Friday, August 5

Chapter 23

In Which We Encounter a Man Alone In the Dark,
and We Leave Him There

His eyes, though now fully dilated from lack of light, saw nothing. He had stopped stumbling about hoping to find out where he was, and now simply stood still moving his arms about him feeling through the empty spaces, yet finding nothing.

His mind raced once again as far back as he could remember trying to account for his being in this dense blackness about him, but remembered nothing. Possibly the panic of the immediate surroundings and the feeling of utter nothingness he was experiencing clouded his mind, but nothing in him could fathom how he had come here... wherever here was, or how long he had been in this pitch-like air... he could almost feel it.

Earlier he had thought of finding a wall from which he might attain, by feeling, a door, and had begun walking under this proposition. He had walked in what he assumed was a straight line, though his perceptions may have been mistaken – the majority of his life lived through sight. He first came across a puddle of something on the floor which, upon examination, turned out to be pure water. From there he walked again until he came to yet another puddle... or was it the same one? There were no distinguishing features he could find in this sightless environment, and his ears detected nothing. How, he wondered, could he find out if it was the same puddle? Then it struck him: he would leave his shoe next to the puddle, and head in the same direction as before. He began walking, and soon felt water soaking into his sock. He got onto his hands and knees, and began searching. His shoe was right next to the puddle... or was it his shoe? He hadn’t remembered the exact position he had set the shoe down in when he left it, and when he picked this one up, had not marked how it was laying. It felt like his shoe. He remembered his shoe was gray... but what color was this one? He sat down and tried on the shoe. It fit. Surely it was his shoe... but what if it was red?

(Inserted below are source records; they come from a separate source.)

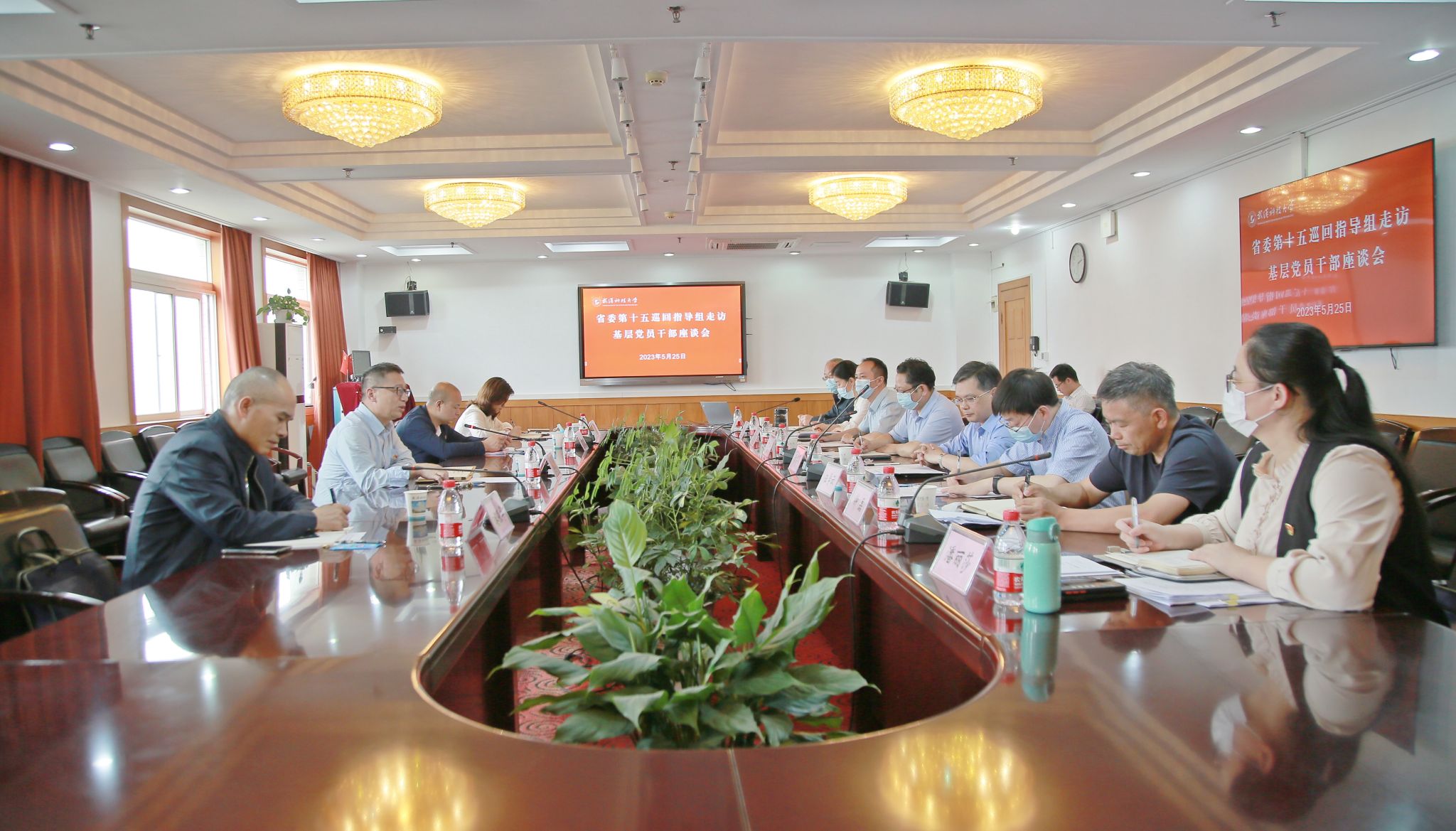 5月25日下午,指导组主持召开基层党员干部座谈。座谈会上,指导组与学校基层党员领导干部进行了交流,了解学校基层党组织开展主题教育情况;中层干部代表汇报了主题教育开展以来的学习心得体会。指导组对学校和基层党组织开展主题教育情况给予了肯定,要求学校基层单位要扎实做好理论学习、调查研究、推动发展、检视整改等各项工作任务,加强对基层党组织分类指导,注重经验总结,推动学习贯彻习近平新时代中国特色社会主义思想主题教育取得实效。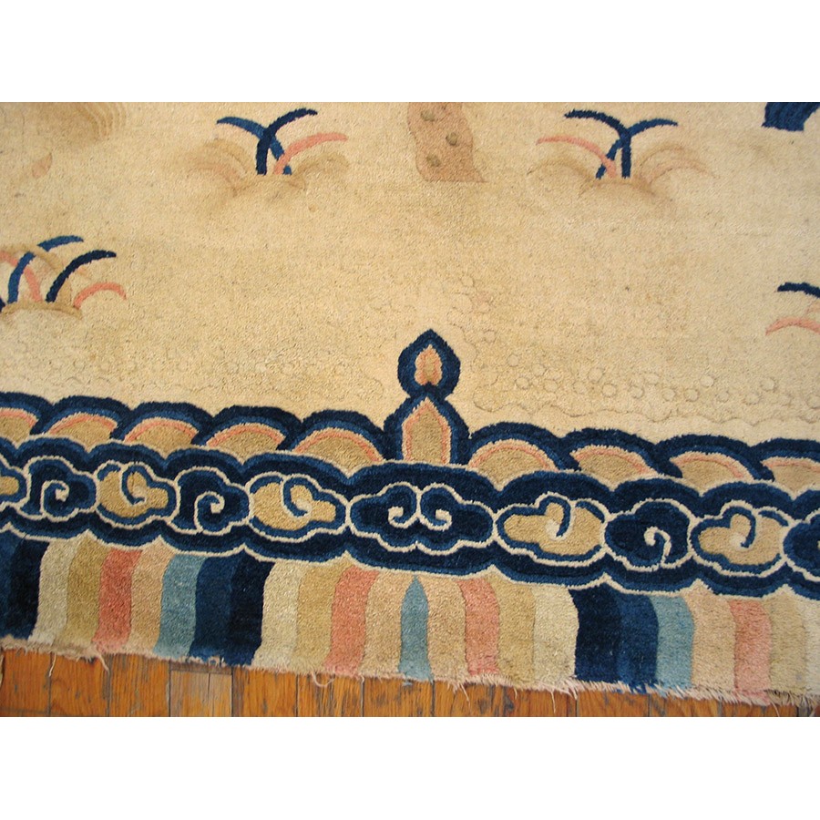 DescriptionChineseCarpets made in China proper. See entries Ningshia, Peking, Art Deco. Chinese - PekingThe commercial Peking carpet is a later 19th century development, begun by importing weaves from Ningshia (see entry) to create and export industry aimed at Western markets. The foundation is cotton and the pile is a good quality carpet wool which takes dyes particularly well. The neat medium weave is in Persian (asymmetric) knots. Designs are strictly Chinese and the whole motif repertoire of Chinese art is employed. Blue and white is the most popular color combination and red is particularly rare. Sizes tend to 9 x 12 and larger, and few small pieces appear. For a short time in the early 1920s Persian designs were woven to capitalize on the death of new Iranian goods. The industry decimated by the Communist Revolution relocated to the Pearl River area. There is a good supply of antique carpets at reasonable prices. | |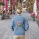 Schöne, Vintage Pink Peony und Monogram Name Jeansjacke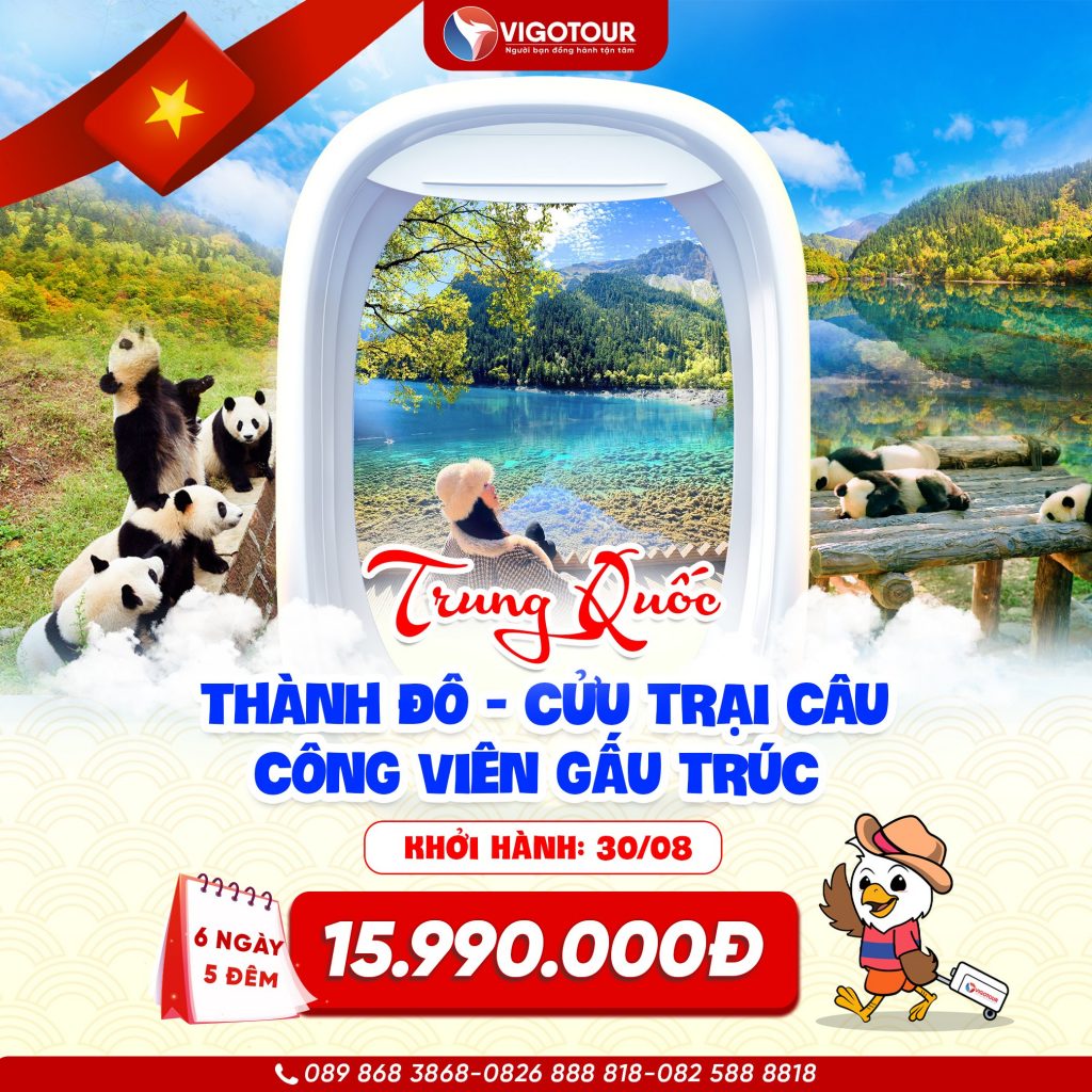 Chương trình tham quan THÀNH ĐÔ – CỬU TRẠI CÂU – CÔNG VIÊN GẤU TRÚC Thời gian: 5 Ngày 5 Đêm Hàng không: Vietjet Air ĐIỂM NỔI BẬT TRONG CHƯƠNG TRÌNH TOUR...
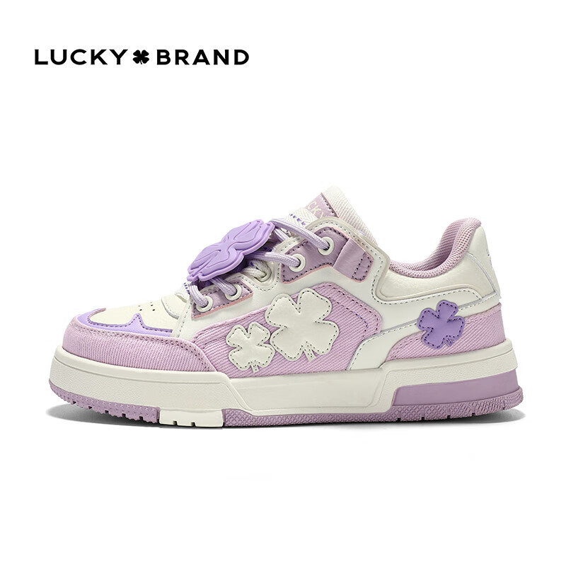 LUCKY BRAND板鞋 女鞋情侣款四叶草美式潮鞋男士透气增高舒适橡胶底休闲鞋 浅紫色 36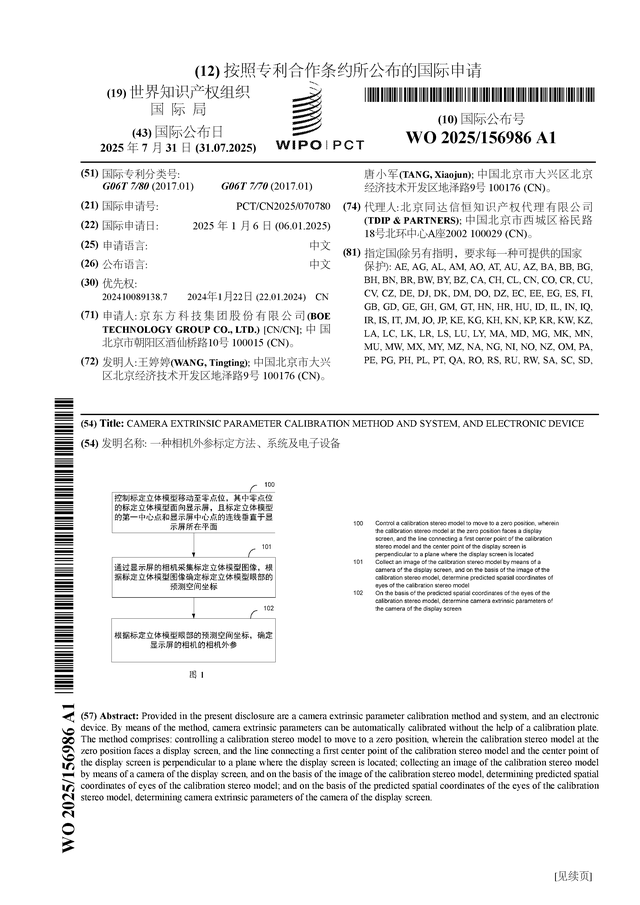 证券之星消息,根据企查查数据显示京东方A(000725)公布了一项国际专利申请,专利名为“一种相机外参标定方法、系统及电子设备”,专利申请号为PCT/CN2025/070780,国际公布日为2025年7月31日。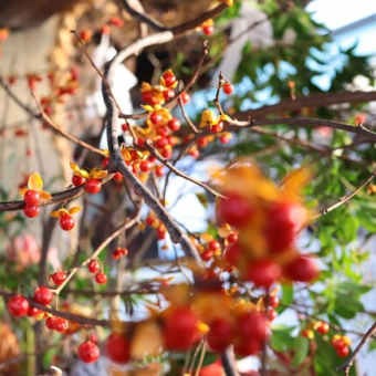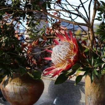 異国風の魅力あるプロテアは華やかで咲くと大きく広がります。プロテアを傘、そして、つるうめもどきで流れる秋風を表現しています。現在はプロテアがユリに替わっています。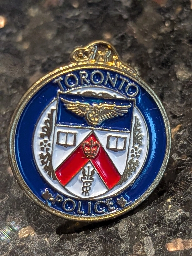 Vintage Toronto Police lapel pin. Features the Toronto Police crest. Collectible item. Great for collectors or fans of Toronto Police memorabilia.

What if this shoe was left by a previous traveler? While he hadn’t heard any sounds but his own footfalls, that didn’t mean there wasn’t someone else out there. What if there was someone just ahead of him who was trying the same experiment? He decided to call and see if he could get a response, but just as he inhaled for a shout, a loud machine started up, and drown out all sounds, even his loudest yelling. He decided to wait until the sound died down to try again. But what of the shoe?

He took off the shoe again and lifted it as close to his eye as he could without touching it to his cornea, but could not see anything at all. He sniffed the shoe. It smelled bad. Didn’t all shoes smell that bad? Maybe the other person was out there right now shouting under this deafening roar; standing at the next puddle with someone else’s shoe in their hand and a wet sock. He felt the shoe, but, having never compared it to anything, he was a bit lost as to what to make of this shoe. He tried tasting the shoe, yet without previous knowledge of how his shoe usually smelled or tasted... then he remembered his other shoe.

He took off that shoe as well, and began tracing the sides, tread pattern, and material to compare it in this darkness, and realized that the two were similar, if not, in fact, of the same pair. He smelled the shoes, and they smelled about the same, but, without knowing if the left and right foot actually smelled differently, could not compare it well enough to satisfy himself. As to the taste, they both tasted of rubber, leather, dirt, and oil. He spat out the taste on the floor, then stooped and drank of the water in the puddle. But were they the same color?

The sound continued to deafen him of anything. He sat back down and decided to try one more experiment: he would leave the other shoe – the right one – and trek the way he had come until he came to his shoe again. He started walking, after setting down the shoe at a ninety-degree angle to the pond, and soon came to another pond – or the same one – where, upon searching, found a shoe. It was for the right foot, and was set at a ninety-degree angle just as he had left it... but... what if someone else had done the same thing while he was gone? What if there was someone behind him trying the exact same experiment as himself at approximately the same time, and, as reference, had left the right shoe at a ninety-degree angle to the pond as well... why had he chosen the ninety-degree angle in the first place? Because it was an obvious distinction from any other angle. But what color was this shoe?